Look for the line containing "Yo fui a Cnosos" and the line containing "100 ग्राम अब" in the entries below. Copy those two and all lines between them exactly, leaving out pictures.

Material provided:
------------------------------

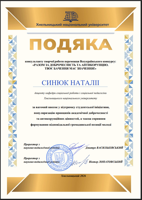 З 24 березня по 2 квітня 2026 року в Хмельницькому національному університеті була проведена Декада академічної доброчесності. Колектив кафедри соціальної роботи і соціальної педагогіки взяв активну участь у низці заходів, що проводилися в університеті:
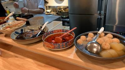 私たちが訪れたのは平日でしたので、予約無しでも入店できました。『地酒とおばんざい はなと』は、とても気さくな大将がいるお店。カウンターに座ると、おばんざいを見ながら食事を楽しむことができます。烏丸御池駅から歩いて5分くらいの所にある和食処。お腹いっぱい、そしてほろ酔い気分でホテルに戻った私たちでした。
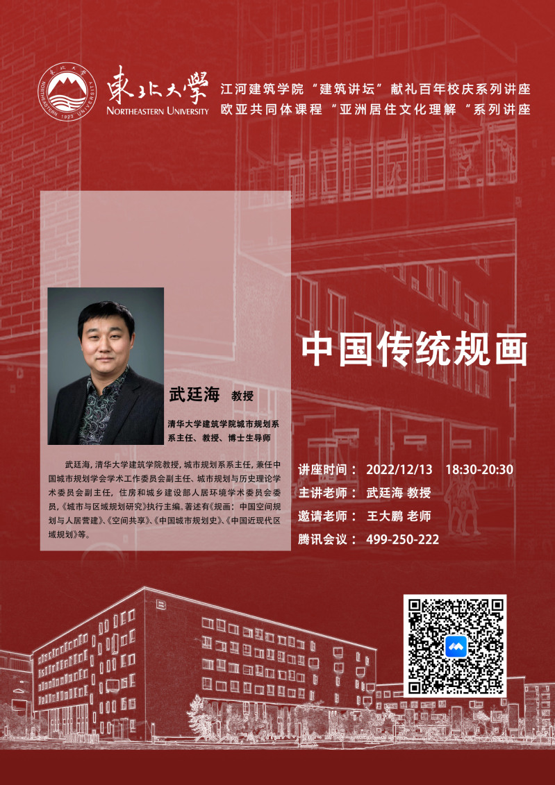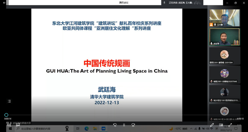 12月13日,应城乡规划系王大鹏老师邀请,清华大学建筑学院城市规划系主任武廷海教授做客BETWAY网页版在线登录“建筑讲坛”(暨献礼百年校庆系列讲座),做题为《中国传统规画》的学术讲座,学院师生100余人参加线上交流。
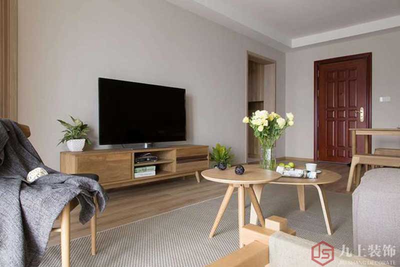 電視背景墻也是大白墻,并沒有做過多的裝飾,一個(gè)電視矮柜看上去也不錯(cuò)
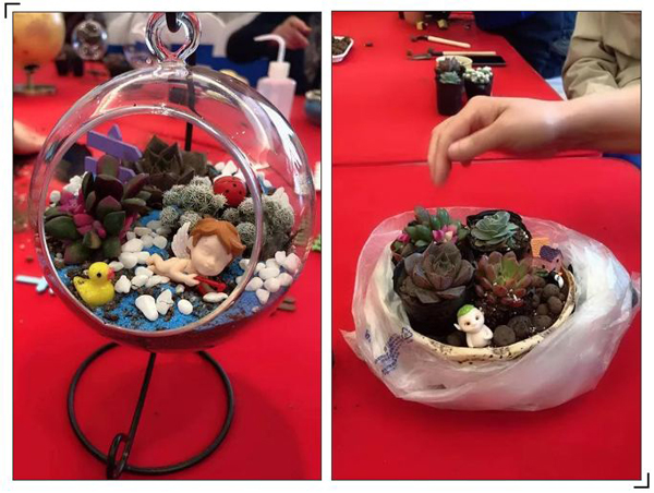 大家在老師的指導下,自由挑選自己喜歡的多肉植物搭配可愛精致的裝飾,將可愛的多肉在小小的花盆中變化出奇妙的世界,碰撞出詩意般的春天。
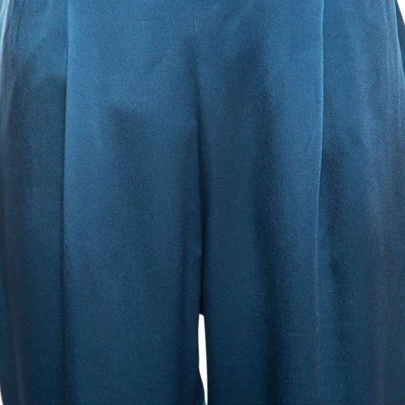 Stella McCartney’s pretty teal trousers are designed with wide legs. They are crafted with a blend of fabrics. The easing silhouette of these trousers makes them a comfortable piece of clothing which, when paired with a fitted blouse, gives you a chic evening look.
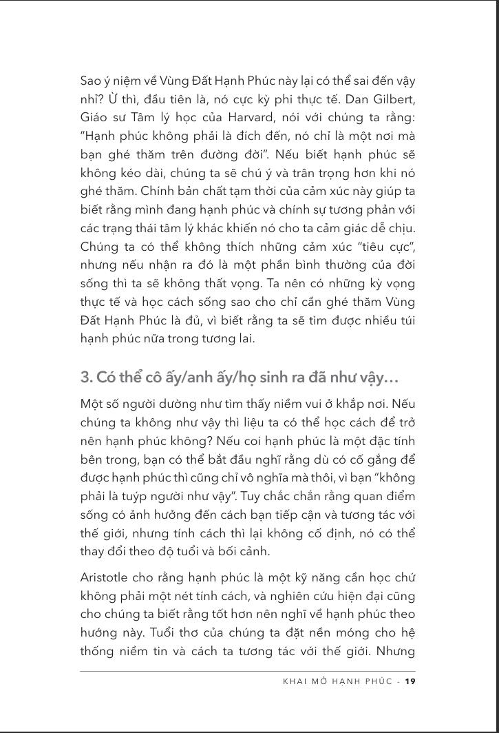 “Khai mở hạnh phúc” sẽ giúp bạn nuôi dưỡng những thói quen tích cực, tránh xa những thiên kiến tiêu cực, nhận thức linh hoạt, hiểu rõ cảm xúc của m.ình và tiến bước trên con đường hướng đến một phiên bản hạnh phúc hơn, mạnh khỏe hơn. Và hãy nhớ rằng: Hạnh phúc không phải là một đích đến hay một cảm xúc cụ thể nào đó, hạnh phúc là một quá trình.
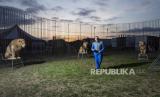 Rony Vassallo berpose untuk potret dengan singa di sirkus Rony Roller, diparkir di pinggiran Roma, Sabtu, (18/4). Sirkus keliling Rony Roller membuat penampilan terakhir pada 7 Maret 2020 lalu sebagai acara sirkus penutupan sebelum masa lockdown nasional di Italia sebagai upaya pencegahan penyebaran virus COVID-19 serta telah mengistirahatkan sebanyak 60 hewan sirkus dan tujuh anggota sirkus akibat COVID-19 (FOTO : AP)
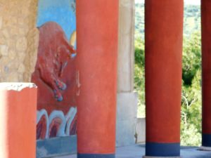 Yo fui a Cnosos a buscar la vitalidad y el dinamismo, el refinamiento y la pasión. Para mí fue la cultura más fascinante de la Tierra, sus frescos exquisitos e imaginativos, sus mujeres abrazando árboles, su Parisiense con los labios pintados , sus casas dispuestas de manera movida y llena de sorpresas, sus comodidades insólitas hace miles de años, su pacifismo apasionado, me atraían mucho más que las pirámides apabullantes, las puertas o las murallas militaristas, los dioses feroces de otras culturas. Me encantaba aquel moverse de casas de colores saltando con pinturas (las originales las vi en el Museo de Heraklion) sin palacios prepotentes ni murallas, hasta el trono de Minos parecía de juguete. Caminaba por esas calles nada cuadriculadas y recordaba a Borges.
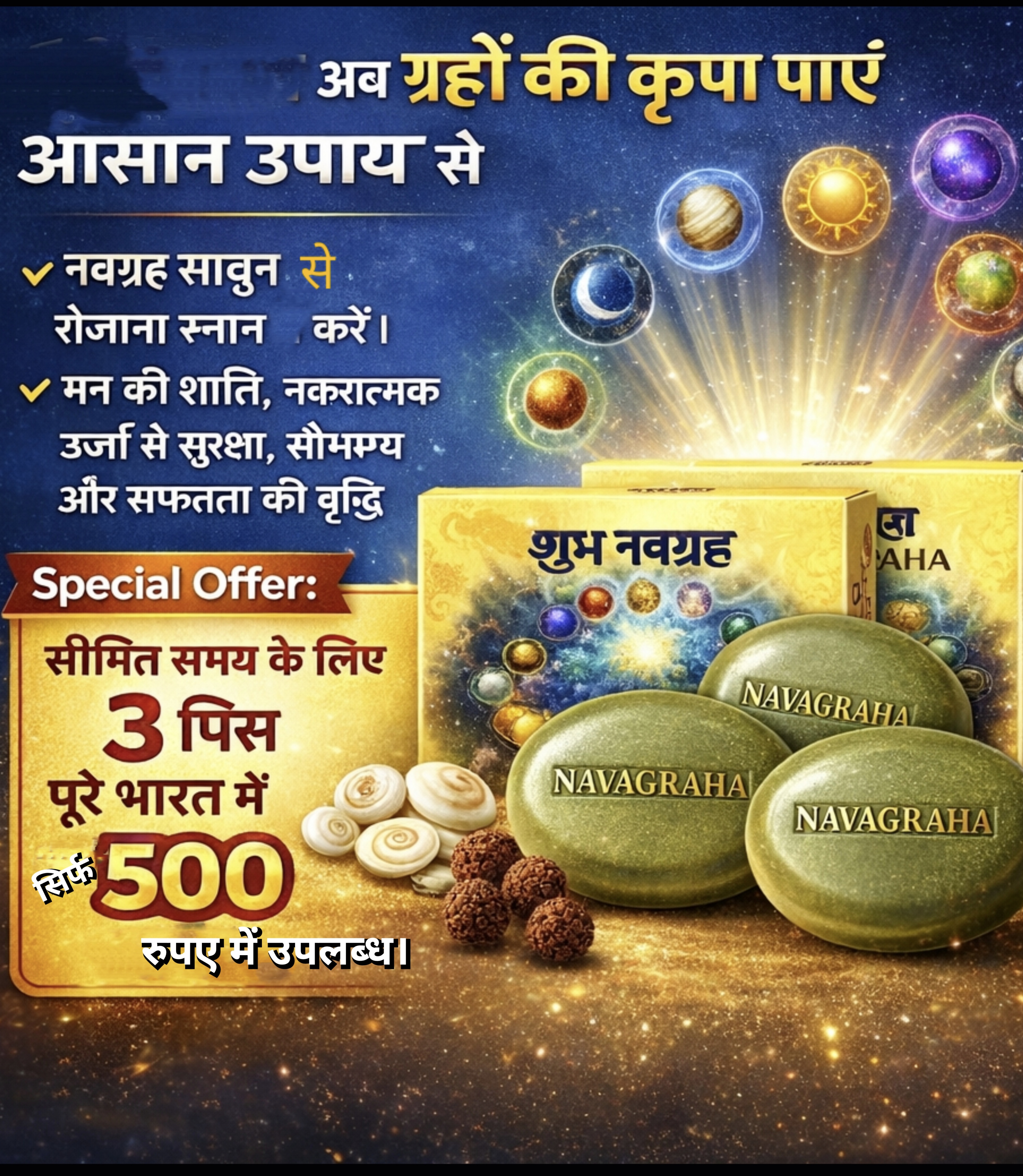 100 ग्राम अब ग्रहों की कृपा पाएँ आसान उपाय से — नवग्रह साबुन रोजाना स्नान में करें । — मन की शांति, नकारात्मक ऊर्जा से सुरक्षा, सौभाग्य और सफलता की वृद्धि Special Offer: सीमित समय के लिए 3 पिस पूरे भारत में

------------------------------

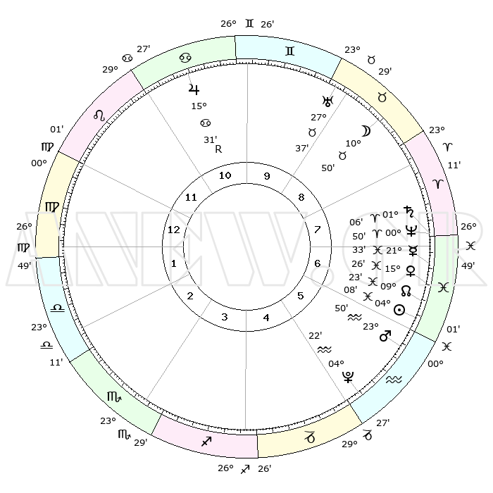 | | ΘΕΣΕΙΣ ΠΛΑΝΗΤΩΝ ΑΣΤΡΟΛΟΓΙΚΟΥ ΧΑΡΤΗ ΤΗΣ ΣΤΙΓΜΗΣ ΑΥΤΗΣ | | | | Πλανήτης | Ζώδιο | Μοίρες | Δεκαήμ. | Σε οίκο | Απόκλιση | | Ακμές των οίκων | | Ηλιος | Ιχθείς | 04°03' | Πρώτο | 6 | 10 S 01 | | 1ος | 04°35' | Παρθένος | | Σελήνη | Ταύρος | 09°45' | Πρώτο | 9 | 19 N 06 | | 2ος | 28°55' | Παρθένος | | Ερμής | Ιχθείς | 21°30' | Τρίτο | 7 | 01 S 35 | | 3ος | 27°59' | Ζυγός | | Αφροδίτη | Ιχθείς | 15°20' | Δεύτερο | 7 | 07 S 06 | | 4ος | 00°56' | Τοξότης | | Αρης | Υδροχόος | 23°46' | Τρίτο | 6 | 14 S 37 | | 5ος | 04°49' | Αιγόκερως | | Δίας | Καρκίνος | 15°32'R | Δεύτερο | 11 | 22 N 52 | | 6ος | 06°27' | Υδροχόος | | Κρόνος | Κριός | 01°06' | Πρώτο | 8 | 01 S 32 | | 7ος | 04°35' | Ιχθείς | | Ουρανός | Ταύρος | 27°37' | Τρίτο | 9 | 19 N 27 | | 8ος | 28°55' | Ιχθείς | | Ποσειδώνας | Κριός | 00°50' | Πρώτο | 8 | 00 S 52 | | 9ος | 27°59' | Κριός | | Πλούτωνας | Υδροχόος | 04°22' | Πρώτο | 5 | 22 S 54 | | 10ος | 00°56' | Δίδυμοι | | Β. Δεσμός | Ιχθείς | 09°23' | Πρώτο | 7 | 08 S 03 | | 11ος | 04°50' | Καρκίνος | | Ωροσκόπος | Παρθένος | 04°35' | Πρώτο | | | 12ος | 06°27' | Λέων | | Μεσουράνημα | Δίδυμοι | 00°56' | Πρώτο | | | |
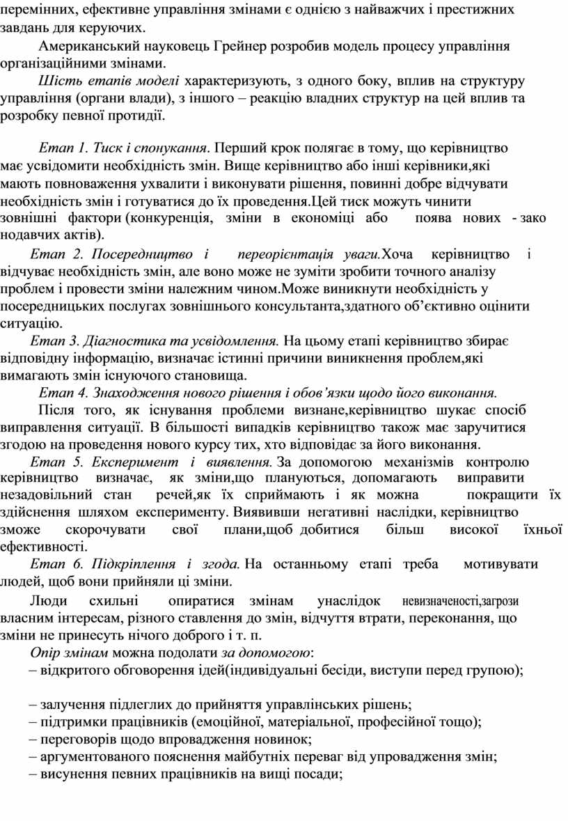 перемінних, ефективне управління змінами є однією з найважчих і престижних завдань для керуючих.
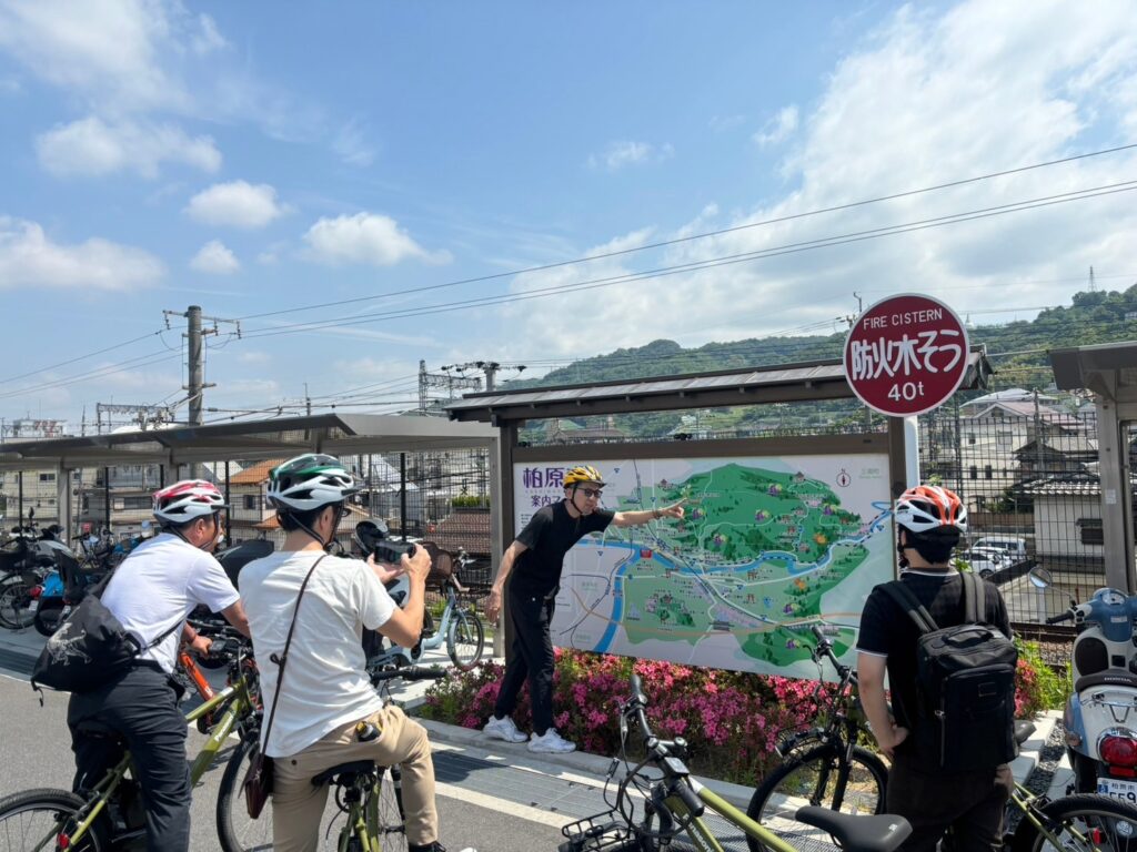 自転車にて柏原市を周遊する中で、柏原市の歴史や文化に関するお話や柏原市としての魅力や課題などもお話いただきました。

------------------------------

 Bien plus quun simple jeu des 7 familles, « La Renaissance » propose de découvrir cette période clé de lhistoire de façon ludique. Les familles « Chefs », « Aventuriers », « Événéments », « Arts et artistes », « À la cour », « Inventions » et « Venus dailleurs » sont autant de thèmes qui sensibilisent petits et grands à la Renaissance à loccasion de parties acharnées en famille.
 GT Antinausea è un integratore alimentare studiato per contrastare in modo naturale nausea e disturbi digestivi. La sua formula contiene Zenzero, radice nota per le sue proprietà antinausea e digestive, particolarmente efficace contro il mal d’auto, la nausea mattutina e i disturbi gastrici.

------------------------------

Finished exercise:
 Yo fui a Cnosos a buscar la vitalidad y el dinamismo, el refinamiento y la pasión. Para mí fue la cultura más fascinante de la Tierra, sus frescos exquisitos e imaginativos, sus mujeres abrazando árboles, su Parisiense con los labios pintados , sus casas dispuestas de manera movida y llena de sorpresas, sus comodidades insólitas hace miles de años, su pacifismo apasionado, me atraían mucho más que las pirámides apabullantes, las puertas o las murallas militaristas, los dioses feroces de otras culturas. Me encantaba aquel moverse de casas de colores saltando con pinturas (las originales las vi en el Museo de Heraklion) sin palacios prepotentes ni murallas, hasta el trono de Minos parecía de juguete. Caminaba por esas calles nada cuadriculadas y recordaba a Borges.
 100 ग्राम अब ग्रहों की कृपा पाएँ आसान उपाय से — नवग्रह साबुन रोजाना स्नान में करें । — मन की शांति, नकारात्मक ऊर्जा से सुरक्षा, सौभाग्य और सफलता की वृद्धि Special Offer: सीमित समय के लिए 3 पिस पूरे भारत में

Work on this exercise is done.